General Motors' earnings fell in the third quarter, as rising losses in Europe and lower earnings at home hurt its bottom line.
Overall, GM on Wednesday posted net income of $1.8 billion, down from $2.1 billion it earned a year earlier. But the result soundly beat forecasts of analysts surveyed by Thomson Reuters. And the company said that its pretax operating earnings in the fourth quarter should be similar or slightly better than the final quarter of last year.
GM ( said losses in Europe soared to $478 million from $292 million a year earlier. The company warned that its full-year losses in Europe will be between $1.5 billion and $1.8 billion, and said it won't be profitable there until the middle of the decade. )
But Europe wasn't the only drag on results. Operating profits in North America fell 17% to $1.8 billion. That was partly balanced by improved results in its international unit, which includes operations in China. GM once again sold more cars and trucks in China than in the United States in the period.
"While we still have a lot of work to do, especially in Europe, it is encouraging to see our results begin to reflect the discipline we are bringing to bear on the overall business," said Dan Ammann, the company's chief financial officer.
The European sovereign debt crisis, which has caused high unemployment and deep recessions in much of Europe, has sent auto sales in the region to a 20-year low.

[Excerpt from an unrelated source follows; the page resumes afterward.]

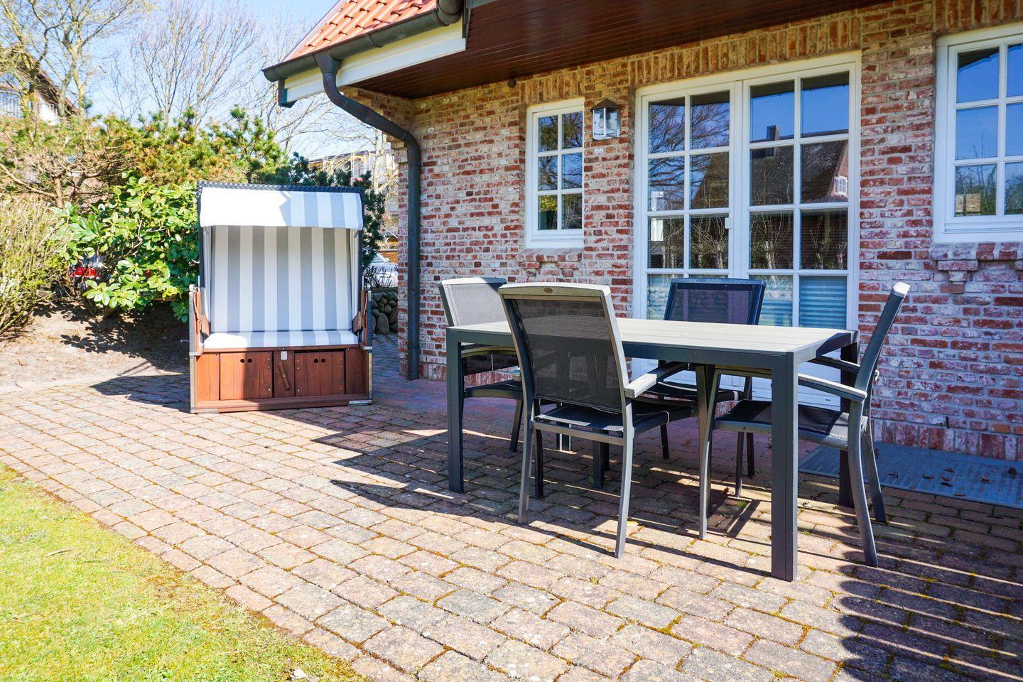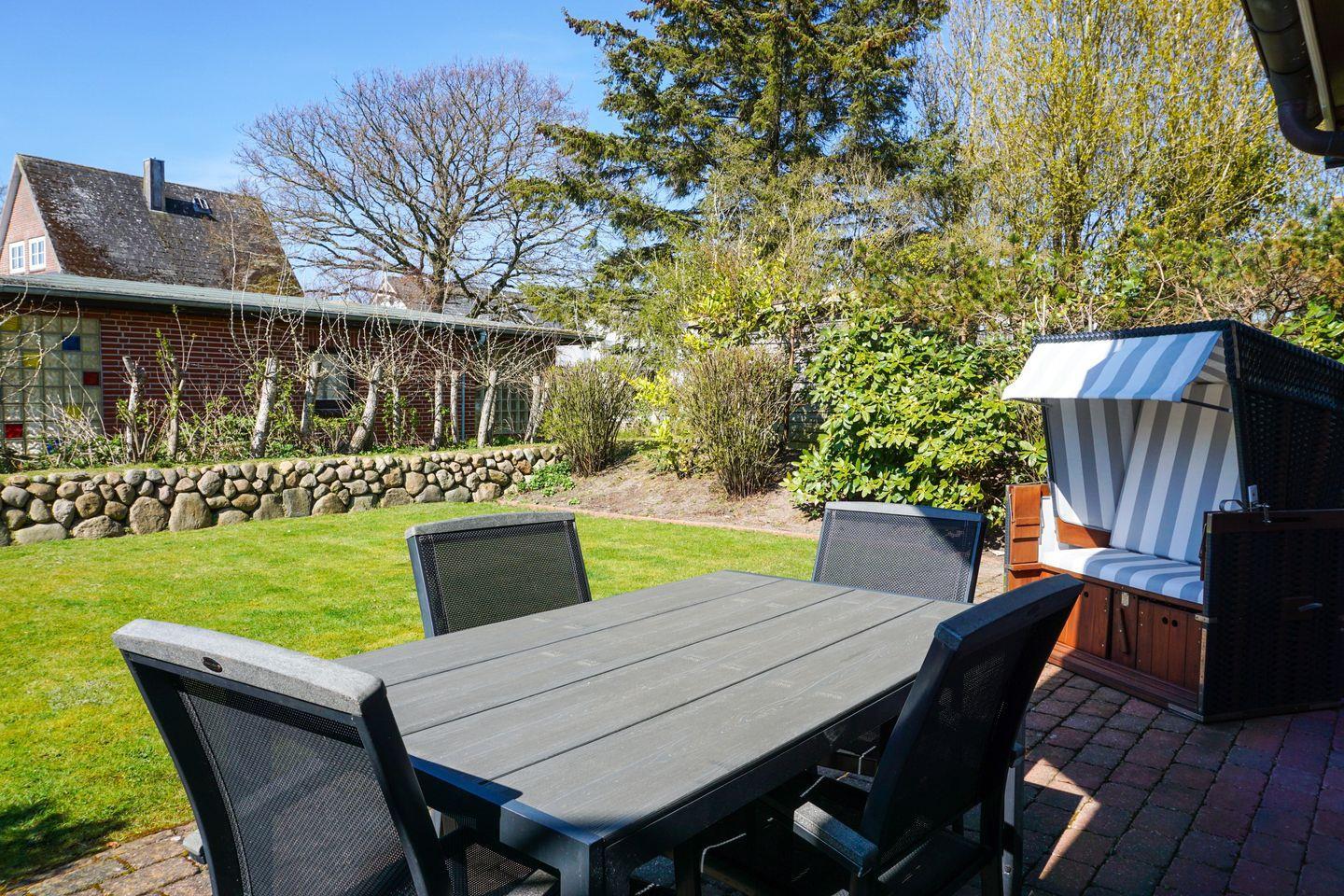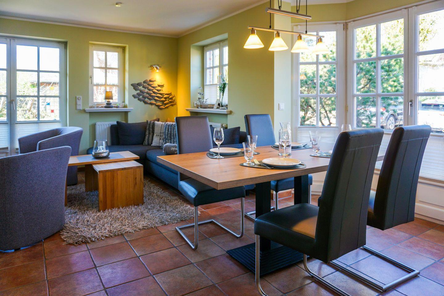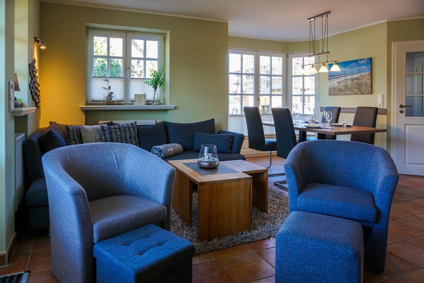 Erdgeschoss: Sehr großzügiger Wohnraum, der durch seine Helligkeit und liebevolle Möblierung besticht. Ein Kaminofen zaubert nicht nur zur kälteren Jahreszeit kuschelige Stunden und Behaglichkeit. Schöne Sitzecke mit L-Lounge Sofa im Erker. 46'' Samsung 3D-SMART TV mit 3D Brillen, eine Bose Soundtouch Musikanlage, sowie eine Bose Soundbar. Integrierte Küche mit Ceranherd, Backofen, Geschirrspüler, Mikrowelle und Nespressomaschine mit Milchaufschäumer. Design-Gäste-WC. Schöne West-Terrasse mit Gartenmöbeln und Strandkorb (ca. von April - Oktober). Geschützter Parkplatz.

That has caused massive European losses across the global auto industry. U.S. rival Ford Motor ( reported sharply higher European losses as part of )third-quarter results on Tuesday, although it was able to report stable company-wide earnings with the help of a record profit in North America.
But the problems in Europe did not start with the current economic crisis. Labor laws that make it expensive and difficult to shut factories have resulted in a large amount of overcapacity across the industry. Even before Wednesday's report ,GM estimated its European losses topped $14 billion over the last 12 years.
Ford has announced plans to close three plants in Europe as part of a plan to return to profitability there by the middle of the decade. GM has yet to lay out details of its plans to stem losses.
While problems in Europe continue to be a drag on GM, the overall results at the company demonstrate the substantial turnaround at a company that went through bankruptcy and a federal bailout only three years ago. Since the start of 2010, the company has earned net income of $19 billion.
Strong car sales has led it to hire new workers, raising employment at its U.S. factories by 3,000 since the start of the year to 80,000. It reported record earnings in 2011 and recaptured the distinction of world's largest automaker for that period.
But taxpayers have yet to get back all of the $49.5 billion in the controversial federal bailout that GM received. And the bailout is unlikely to break even unless the 500 million shares of GM that Treasury still owns more than doubles in value.
Shares shot up 4.5% in premarket trading following the report.